Bug Report: Inconsistent speech_started / speech_ended Behavior with Semantic VAD (Realtime API)

Summary:
When using semantic VAD with the Realtime API, multiple consecutive speech_started events are emitted, but only the last one in the burst is followed by a corresponding speech_ended event. This results in merged transcriptions under the final item, even though the earlier speech_started items never receive a speech_ended signal.


Observed Behavior

  • Multiple speech_started events occur in rapid succession.

  • Each speech_started event has a unique item ID.

  • Only the final speech_started event receives a matching speech_ended event.

  • The transcription for the final item includes text that originated from all prior unended segments.

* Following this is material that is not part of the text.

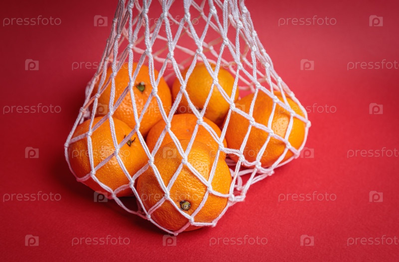 Экологичная сетка с мандаринами на красном праздничном фоне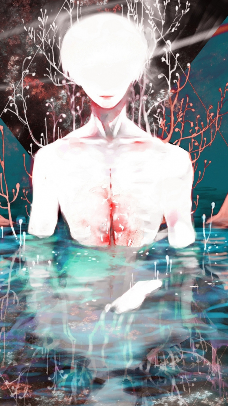 Обои Кен kaneki, Токио вурдалак, вода, графический дизайн, графика для iPhone 6, 6S, 7, 8, заставка, 750x1334 картинка

  • The speech_start_time of that final item does not match the true start of the first utterance, even though it contains the earlier speech content.

A detailed sample is attached in semantic_vad_bug.csv.


Expected Behavior

  • Each speech_started event should be paired with a corresponding speech_ended event.

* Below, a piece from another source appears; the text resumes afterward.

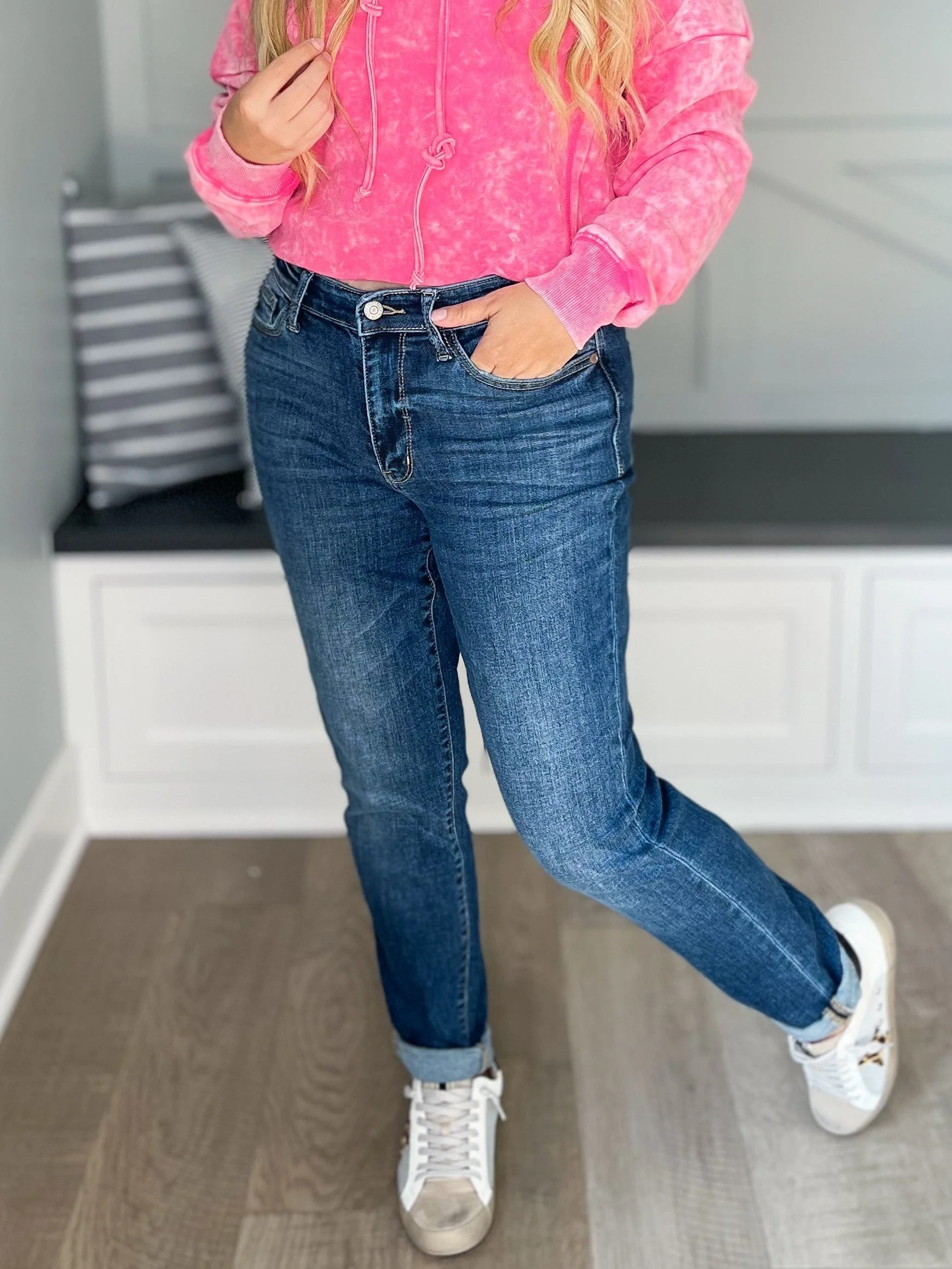 Remain Calm - Judy Blue Cuffed Boyfriend Jeans

  • Transcriptions should be correctly segmented per item ID and timestamp.

  • The speech_start_time should reflect the actual start of the speech segment.


Notes

  • This issue only occurs when using semantic VAD.

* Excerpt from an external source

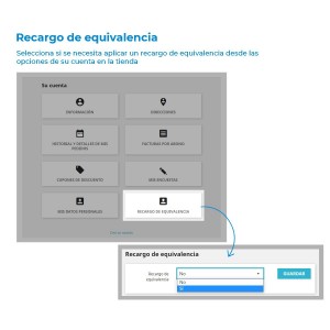The equivalence surcharge is associated with each customer and not with their addresses, so if a customer has the option to charge the equivalence surcharge enabled, it will be charged in all their addresses. The client will be able to manage whether or not to enable the surcharge from their client area.

  • With server VAD, the pairing of speech_started and speech_ended events is consistent and accurate.


Questions

  1. Is this behavior expected due to semantic grouping logic in semantic VAD?

  2. Or is there a different handling pattern required for semantic VAD to synchronize speech_started / speech_ended events properly?


Environment

  • Python: 3.11

  • OpenAI SDK: openai = "^1.107.3"

  • Runtime: asyncio

  • API: Realtime API with semantic VAD enabled

    • eagerness="auto"
      interrupt_response=True
      create_response=True
      

Attachments

semantic_vad_bug.csv

Rows labeled [deducted] indicate that ended_at values were manually inferred from the subsequent started_at timestamp.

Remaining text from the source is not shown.